-- Description of the task --
Return the line containing "当初は『レバーのグリル』だけ" together with every later line up to the end of the records, exactly and with no pictures; return nothing else.

Segment Start: Given information

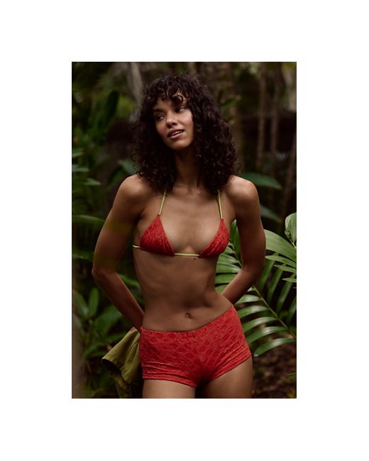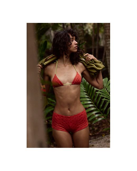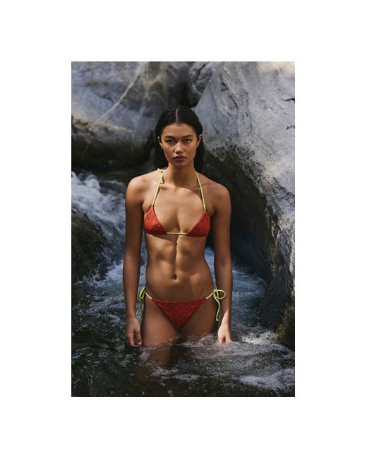 Timeless triangle top from our free-est Swim collection, featured in a textured fabrication with adjustable sliding coverage and ties at the neck and back. **Fit:** Triangle-style, adjustable fit **Features:** Recycled fibers with a textured feel; fully-lined, sliding coverage, adjustable ties at the neck and back **Why We free-est Michelle Bikini Top at Free People in Paprika, Size: Medium
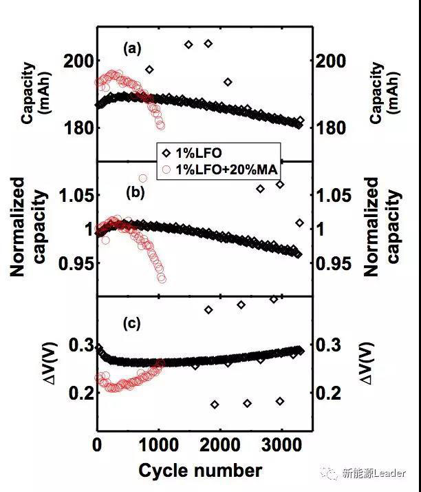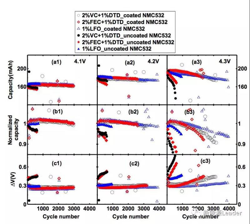 采用2%FEC+1%DTD的涂層NCM523電池在4.3V循環(huán)2000次后出現了容量跳水的現象,采用1%LFO電解液的非涂層NCM523電池在循環(huán)700次后出現容量跳水的現象,而采用2%VC+1%DTD電解液的涂層NCM523電池在4.3V循環(huán)2500次后出現容量跳水,采用1%LFO電解液的涂層NCM523電池在循環(huán)超過4000次后仍然沒有出現容量跳水的現象。
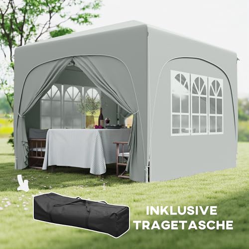 Schnell aufgebaut: Dieser Faltpavillon mit Seitenteilen ermöglicht einen unkomplizierten Aufbau und kommt mit einer Tragetasche, ideal für Lagerung und Transport. Perfekt für Gartenfeste oder Outdoor-Events
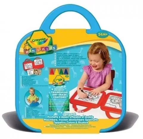 Zawiera 12 arkuszy wielokrotnego użytku , 4 zmywalne kredki trójkątne , 3 arkusze z naklejkami , całość spakowana w poręcznym opakowaniu walizeczce idealnie nadające się do rysowania w podróży
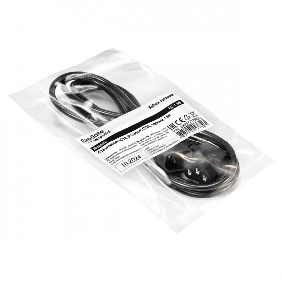 Кабель питания ExeGate Special EC-1.8S-C13(У)->C14/3x1.0 (C13 угловой->C14, 3*1.0mm2, CCA, черный, 1.8м)
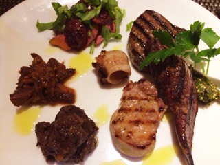 当初は『レバーのグリル』だけにしようと思ったのですが、「シェフが猟のお手伝いをしたという記念の猪で、内臓オススメですよ」と言われたので、せっかくなので。
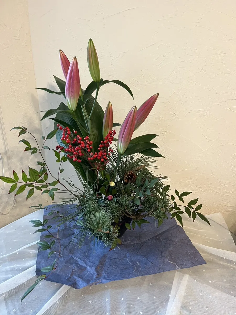 フラワーアレンジメントって季節の花があるから楽しいですね。今だと自然界でも南天の赤い実とかサザンカ、蝋梅や紅梅も少しずつ咲き始めてますよ。
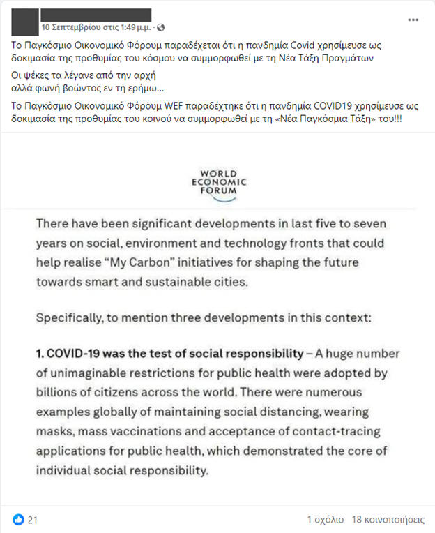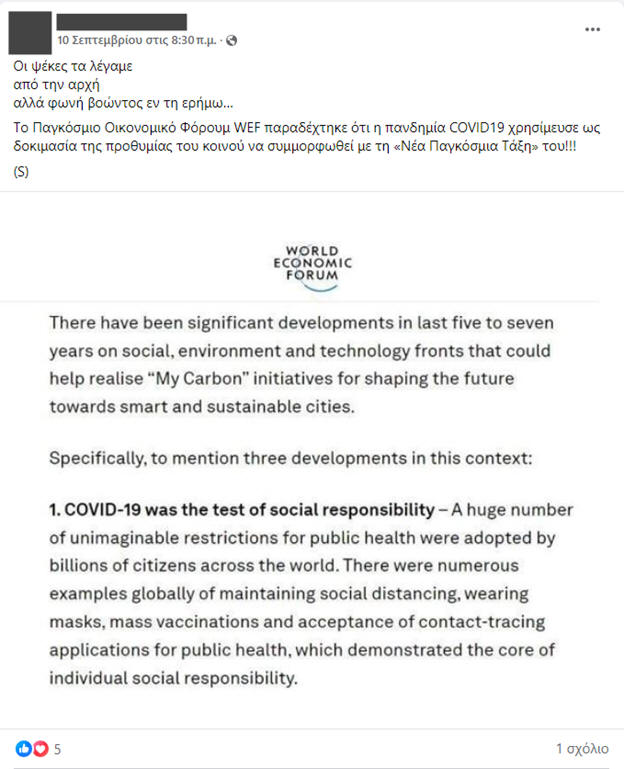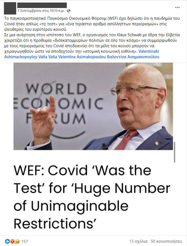πανδημίας, στο άρθρο του Παγκόσμιου Οικονομικού Φόρουμ, δεν
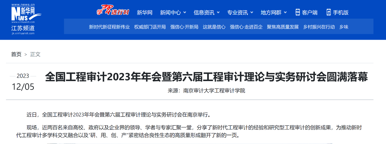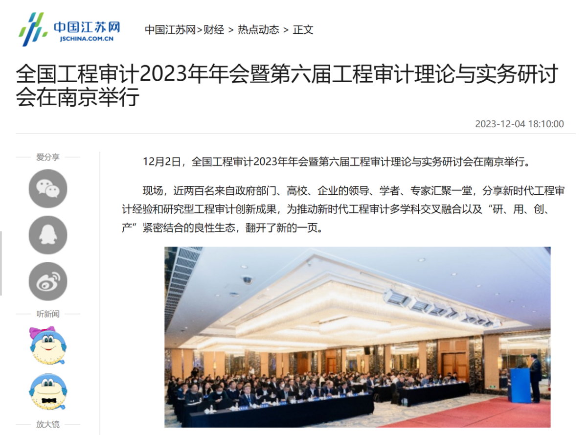 江苏经济网《全国工程审计2023年年会在南京举行》
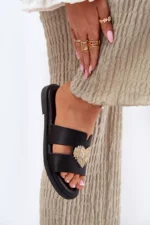 Šie sieviešu čības, kas izgatavotas no videi draudzīgas ādas, ir ideāla izvēle siltajām dienām. Ar plakanu papēdi tās nodrošina komfortu un vieglumu visas dienas garumā. Priekšpusē ir pievilcīgs sirds formas rotājums, kas piešķir tām smalku šarmu. Mīkstais zoles materiāls garantē komfortu, padarot šos čības par lielisku izvēli vasaras stilam, apvienojot eleganci ar funkcionalitāti. Ideāli piemēroti ikdienas pastaigām saulainās dienās! Izvēloties izmēru, lūdzu, skatieties izmēru tabulu.
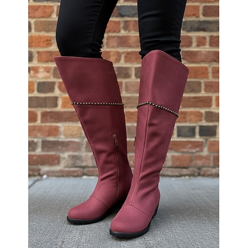 stivali alti fino al ginocchio in similpelle marrone scuro da donna: eleganti stivali con tacco basso per outfit autunnali e invernali
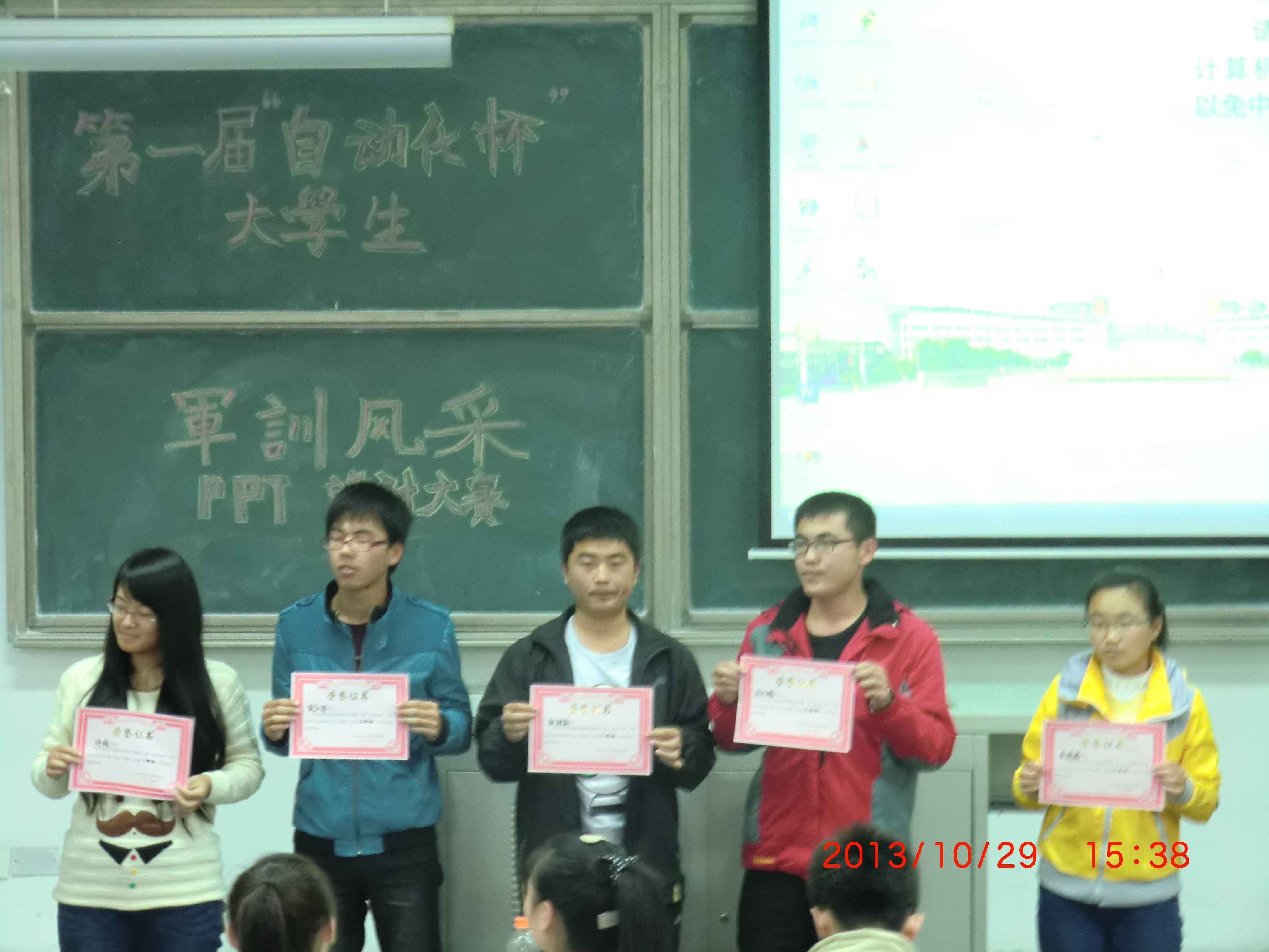 下午两点,设计大赛正式开始。这次比赛吸引了许多学生前来参赛,通过比赛来看,每名参赛选手都为这场比赛提前做了精心的准备。在比赛的过程中,选手精神饱满,激情澎湃的向大家详细阐述自己的PPT的设计理念,用自己的解说打动评委、观众来赢得更多的投票。当一张张充满回忆和故事的照片显现在屏幕上时,引起台下观众的共鸣,会场数次响起热烈的鼓掌。这些珍贵的照片记载了我们军训生活的辛勤与汗水、欢乐与苦涩、成长与蜕变。接着,评委就PPT的设计风格、选材视觉角度以及选手的情感演讲等方面进行点评,通过“公平、公正、公开”的竞选评出一、二、三等奖。最后比赛在热烈的掌声中结束,电信131班的徐晓同学获得一等奖。

Segment End: Given information

-- Output below --
 当初は『レバーのグリル』だけにしようと思ったのですが、「シェフが猟のお手伝いをしたという記念の猪で、内臓オススメですよ」と言われたので、せっかくなので。
 フラワーアレンジメントって季節の花があるから楽しいですね。今だと自然界でも南天の赤い実とかサザンカ、蝋梅や紅梅も少しずつ咲き始めてますよ。
πανδημίας, στο άρθρο του Παγκόσμιου Οικονομικού Φόρουμ, δεν
 江苏经济网《全国工程审计2023年年会在南京举行》
 Šie sieviešu čības, kas izgatavotas no videi draudzīgas ādas, ir ideāla izvēle siltajām dienām. Ar plakanu papēdi tās nodrošina komfortu un vieglumu visas dienas garumā. Priekšpusē ir pievilcīgs sirds formas rotājums, kas piešķir tām smalku šarmu. Mīkstais zoles materiāls garantē komfortu, padarot šos čības par lielisku izvēli vasaras stilam, apvienojot eleganci ar funkcionalitāti. Ideāli piemēroti ikdienas pastaigām saulainās dienās! Izvēloties izmēru, lūdzu, skatieties izmēru tabulu.
 stivali alti fino al ginocchio in similpelle marrone scuro da donna: eleganti stivali con tacco basso per outfit autunnali e invernali
 下午两点,设计大赛正式开始。这次比赛吸引了许多学生前来参赛,通过比赛来看,每名参赛选手都为这场比赛提前做了精心的准备。在比赛的过程中,选手精神饱满,激情澎湃的向大家详细阐述自己的PPT的设计理念,用自己的解说打动评委、观众来赢得更多的投票。当一张张充满回忆和故事的照片显现在屏幕上时,引起台下观众的共鸣,会场数次响起热烈的鼓掌。这些珍贵的照片记载了我们军训生活的辛勤与汗水、欢乐与苦涩、成长与蜕变。接着,评委就PPT的设计风格、选材视觉角度以及选手的情感演讲等方面进行点评,通过“公平、公正、公开”的竞选评出一、二、三等奖。最后比赛在热烈的掌声中结束,电信131班的徐晓同学获得一等奖。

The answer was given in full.